Output the whole listing exactly, except for the pictures in it.
===
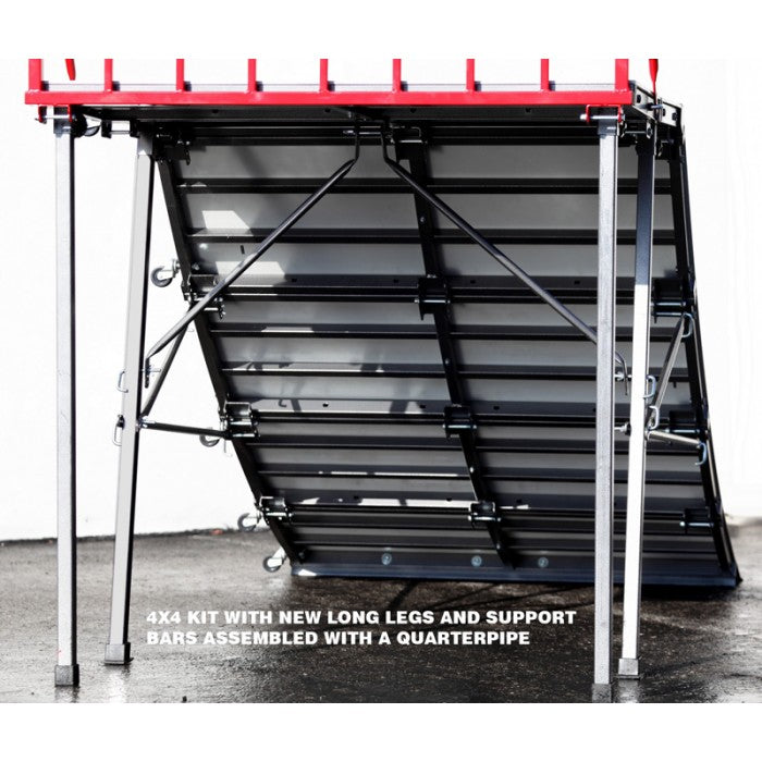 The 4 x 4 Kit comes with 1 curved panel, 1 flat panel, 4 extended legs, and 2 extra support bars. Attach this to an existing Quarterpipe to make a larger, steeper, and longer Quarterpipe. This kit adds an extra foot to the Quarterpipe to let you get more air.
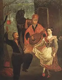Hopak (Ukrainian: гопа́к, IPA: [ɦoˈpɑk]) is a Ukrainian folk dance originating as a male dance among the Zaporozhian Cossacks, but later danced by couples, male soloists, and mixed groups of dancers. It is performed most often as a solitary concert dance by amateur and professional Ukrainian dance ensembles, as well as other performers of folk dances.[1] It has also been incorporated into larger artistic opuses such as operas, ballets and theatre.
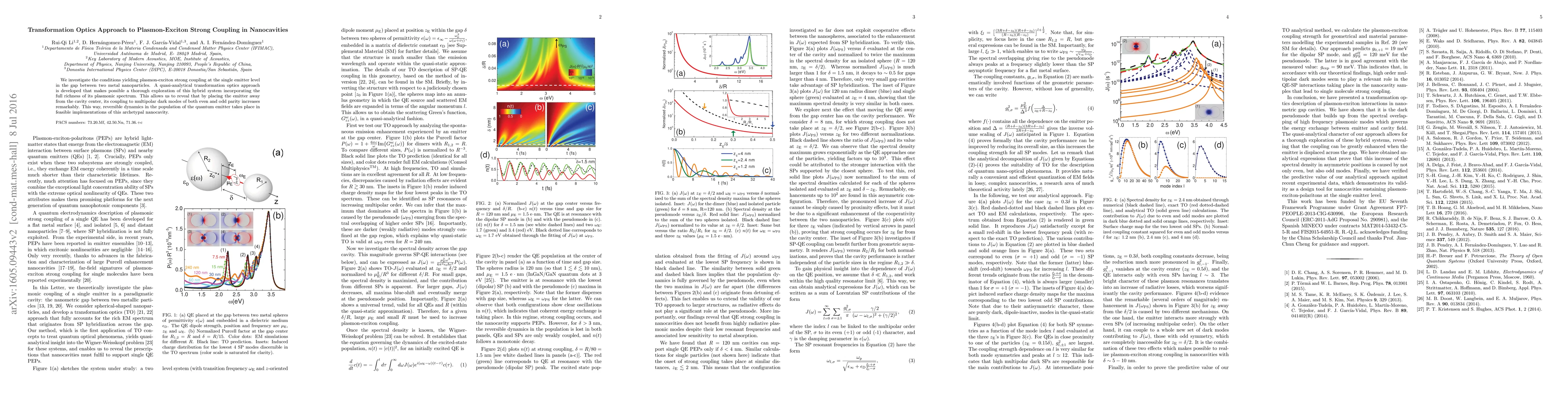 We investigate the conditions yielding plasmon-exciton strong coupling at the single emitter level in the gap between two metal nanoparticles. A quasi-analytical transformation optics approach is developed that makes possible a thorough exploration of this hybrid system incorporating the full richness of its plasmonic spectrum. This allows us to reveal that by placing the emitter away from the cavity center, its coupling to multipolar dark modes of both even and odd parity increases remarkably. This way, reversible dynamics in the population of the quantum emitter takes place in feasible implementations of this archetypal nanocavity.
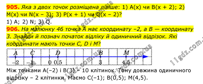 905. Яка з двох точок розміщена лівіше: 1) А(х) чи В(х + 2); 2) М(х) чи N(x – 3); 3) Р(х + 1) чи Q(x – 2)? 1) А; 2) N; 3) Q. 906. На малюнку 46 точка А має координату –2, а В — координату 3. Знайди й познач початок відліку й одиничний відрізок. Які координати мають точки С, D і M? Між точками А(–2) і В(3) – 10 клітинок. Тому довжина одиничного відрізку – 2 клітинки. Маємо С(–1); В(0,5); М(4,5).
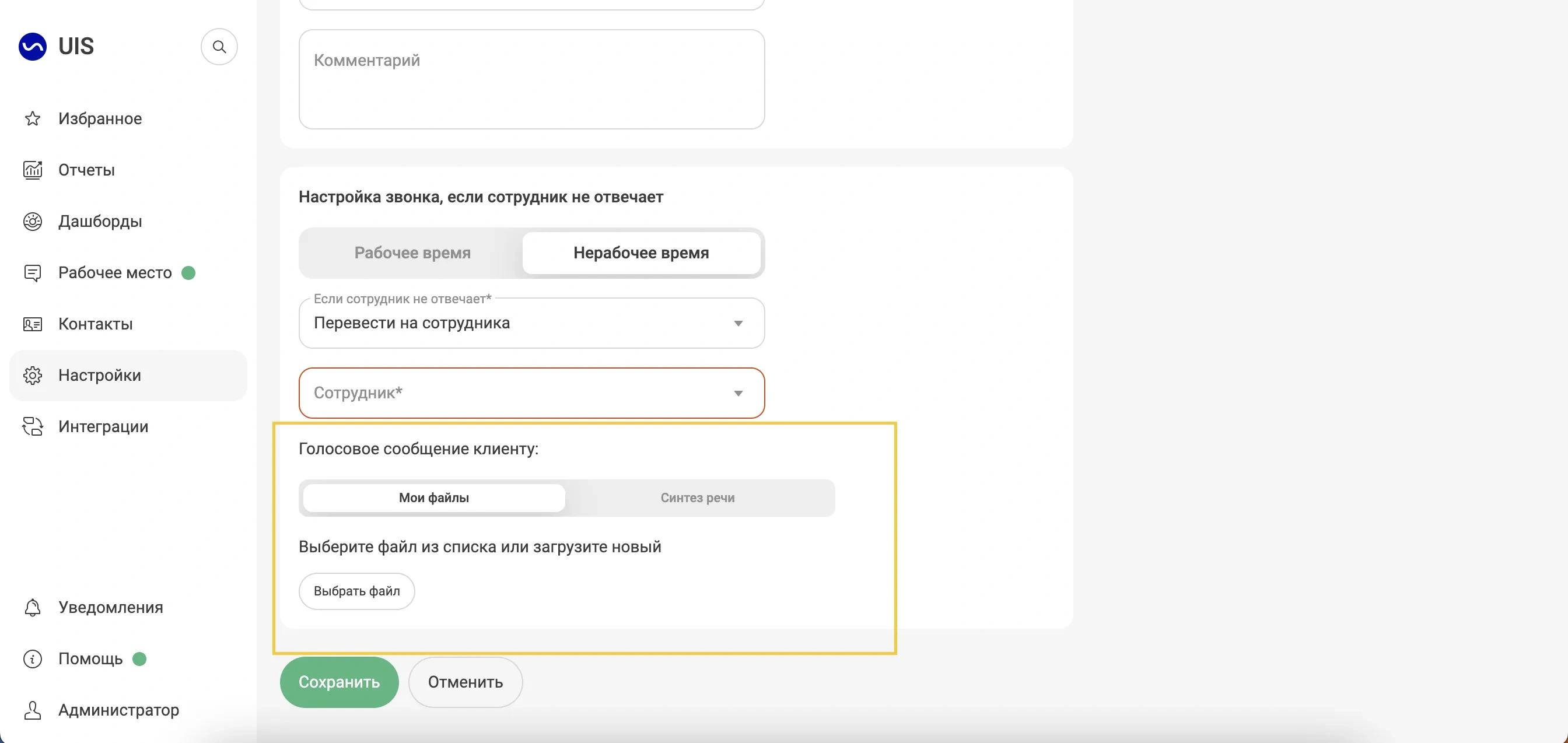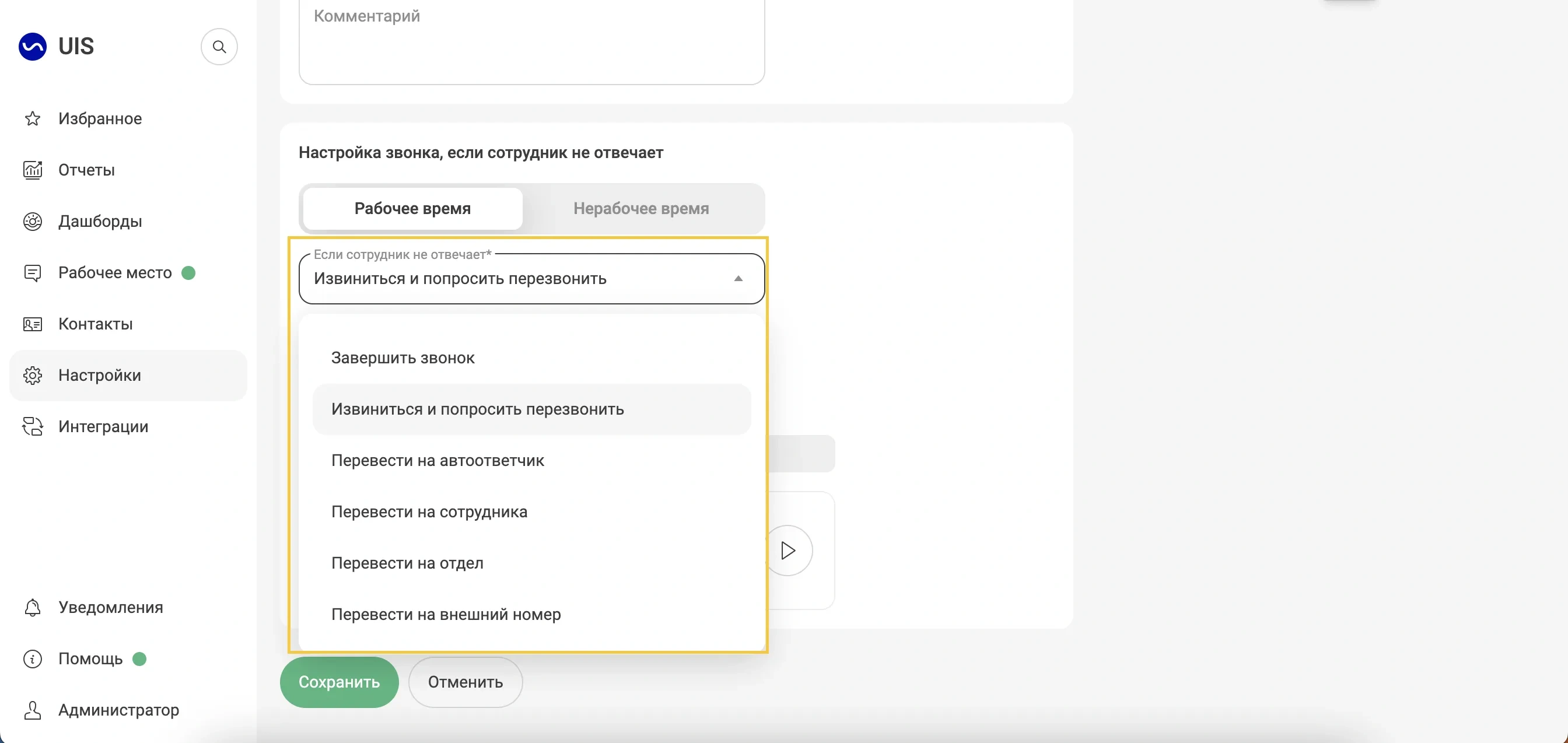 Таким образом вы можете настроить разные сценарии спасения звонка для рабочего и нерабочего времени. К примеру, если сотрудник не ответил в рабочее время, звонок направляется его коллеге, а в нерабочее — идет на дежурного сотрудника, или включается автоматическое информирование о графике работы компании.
===
◆ **WRITTEN REPLY**:
 The 4 x 4 Kit comes with 1 curved panel, 1 flat panel, 4 extended legs, and 2 extra support bars. Attach this to an existing Quarterpipe to make a larger, steeper, and longer Quarterpipe. This kit adds an extra foot to the Quarterpipe to let you get more air.
Hopak (Ukrainian: гопа́к, IPA: [ɦoˈpɑk]) is a Ukrainian folk dance originating as a male dance among the Zaporozhian Cossacks, but later danced by couples, male soloists, and mixed groups of dancers. It is performed most often as a solitary concert dance by amateur and professional Ukrainian dance ensembles, as well as other performers of folk dances.[1] It has also been incorporated into larger artistic opuses such as operas, ballets and theatre.
 We investigate the conditions yielding plasmon-exciton strong coupling at the single emitter level in the gap between two metal nanoparticles. A quasi-analytical transformation optics approach is developed that makes possible a thorough exploration of this hybrid system incorporating the full richness of its plasmonic spectrum. This allows us to reveal that by placing the emitter away from the cavity center, its coupling to multipolar dark modes of both even and odd parity increases remarkably. This way, reversible dynamics in the population of the quantum emitter takes place in feasible implementations of this archetypal nanocavity.
 905. Яка з двох точок розміщена лівіше: 1) А(х) чи В(х + 2); 2) М(х) чи N(x – 3); 3) Р(х + 1) чи Q(x – 2)? 1) А; 2) N; 3) Q. 906. На малюнку 46 точка А має координату –2, а В — координату 3. Знайди й познач початок відліку й одиничний відрізок. Які координати мають точки С, D і M? Між точками А(–2) і В(3) – 10 клітинок. Тому довжина одиничного відрізку – 2 клітинки. Маємо С(–1); В(0,5); М(4,5).
 Таким образом вы можете настроить разные сценарии спасения звонка для рабочего и нерабочего времени. К примеру, если сотрудник не ответил в рабочее время, звонок направляется его коллеге, а в нерабочее — идет на дежурного сотрудника, или включается автоматическое информирование о графике работы компании.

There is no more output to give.